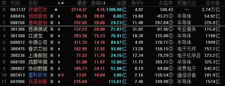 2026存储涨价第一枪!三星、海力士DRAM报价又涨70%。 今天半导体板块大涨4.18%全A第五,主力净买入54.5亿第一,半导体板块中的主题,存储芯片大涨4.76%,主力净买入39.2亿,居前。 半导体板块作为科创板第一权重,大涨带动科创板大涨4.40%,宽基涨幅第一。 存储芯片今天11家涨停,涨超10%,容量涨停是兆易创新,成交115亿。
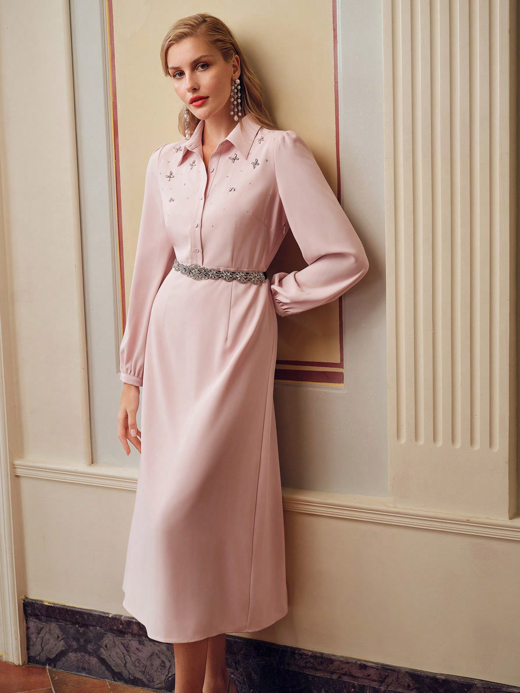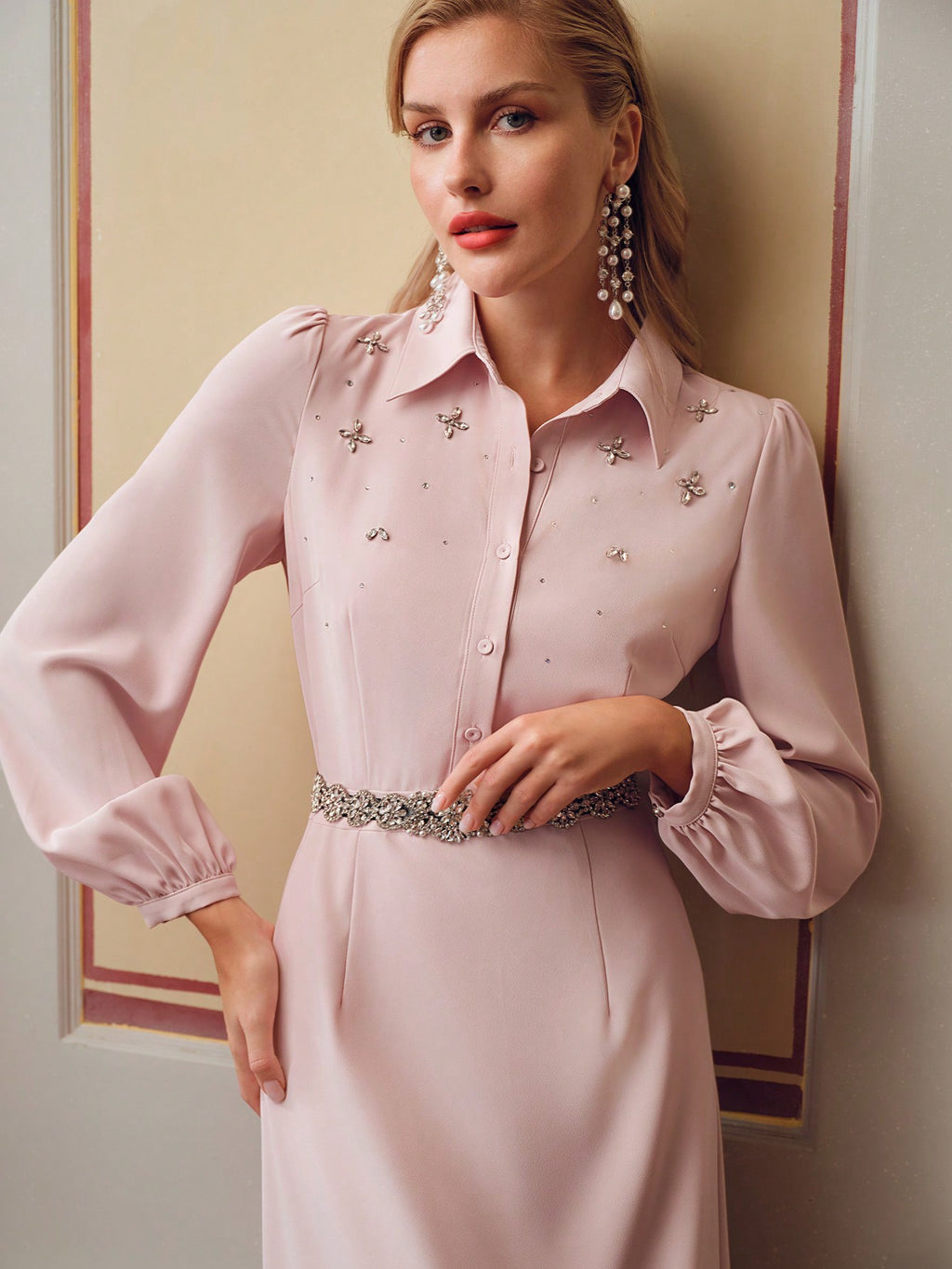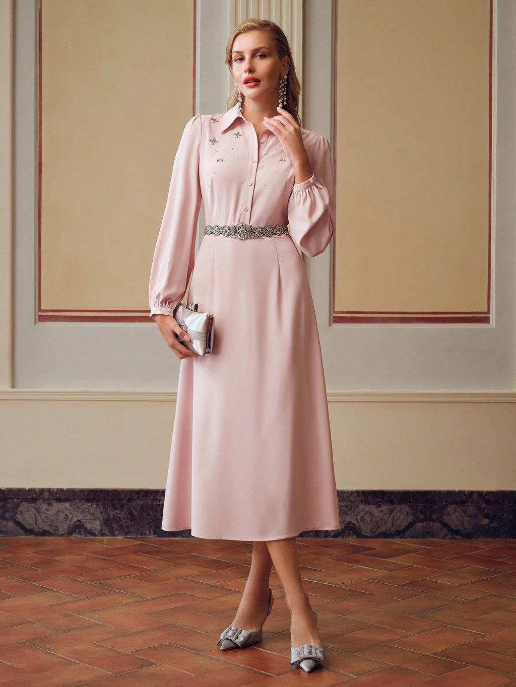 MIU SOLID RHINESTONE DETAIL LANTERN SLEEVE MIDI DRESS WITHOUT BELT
□ □ □ □
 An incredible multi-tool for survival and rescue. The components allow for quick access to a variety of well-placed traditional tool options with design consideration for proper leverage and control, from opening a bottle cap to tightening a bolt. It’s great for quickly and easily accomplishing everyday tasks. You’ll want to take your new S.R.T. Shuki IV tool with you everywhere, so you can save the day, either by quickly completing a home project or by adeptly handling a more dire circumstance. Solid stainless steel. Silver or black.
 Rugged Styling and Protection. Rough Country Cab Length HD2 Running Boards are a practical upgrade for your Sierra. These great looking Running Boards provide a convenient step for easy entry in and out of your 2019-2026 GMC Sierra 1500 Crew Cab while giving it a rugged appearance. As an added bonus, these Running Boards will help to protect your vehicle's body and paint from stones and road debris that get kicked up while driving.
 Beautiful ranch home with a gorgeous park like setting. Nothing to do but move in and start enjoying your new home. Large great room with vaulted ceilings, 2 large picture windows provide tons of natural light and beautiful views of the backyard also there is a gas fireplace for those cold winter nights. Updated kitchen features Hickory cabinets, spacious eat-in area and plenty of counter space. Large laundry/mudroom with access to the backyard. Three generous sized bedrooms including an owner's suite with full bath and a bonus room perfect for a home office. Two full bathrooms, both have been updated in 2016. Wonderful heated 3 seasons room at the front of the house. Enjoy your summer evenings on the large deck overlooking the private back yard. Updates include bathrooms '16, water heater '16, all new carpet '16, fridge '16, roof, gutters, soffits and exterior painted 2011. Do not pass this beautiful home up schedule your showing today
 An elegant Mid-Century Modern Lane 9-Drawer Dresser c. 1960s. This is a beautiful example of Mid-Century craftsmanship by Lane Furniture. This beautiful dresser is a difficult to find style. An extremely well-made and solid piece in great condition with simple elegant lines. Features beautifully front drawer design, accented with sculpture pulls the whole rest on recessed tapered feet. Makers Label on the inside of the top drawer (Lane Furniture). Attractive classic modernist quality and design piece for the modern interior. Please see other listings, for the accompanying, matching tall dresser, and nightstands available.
□ □ □ □
What lines of the listing contain the word "from"? Copy them all.

 An incredible multi-tool for survival and rescue. The components allow for quick access to a variety of well-placed traditional tool options with design consideration for proper leverage and control, from opening a bottle cap to tightening a bolt. It’s great for quickly and easily accomplishing everyday tasks. You’ll want to take your new S.R.T. Shuki IV tool with you everywhere, so you can save the day, either by quickly completing a home project or by adeptly handling a more dire circumstance. Solid stainless steel. Silver or black.
 Rugged Styling and Protection. Rough Country Cab Length HD2 Running Boards are a practical upgrade for your Sierra. These great looking Running Boards provide a convenient step for easy entry in and out of your 2019-2026 GMC Sierra 1500 Crew Cab while giving it a rugged appearance. As an added bonus, these Running Boards will help to protect your vehicle's body and paint from stones and road debris that get kicked up while driving.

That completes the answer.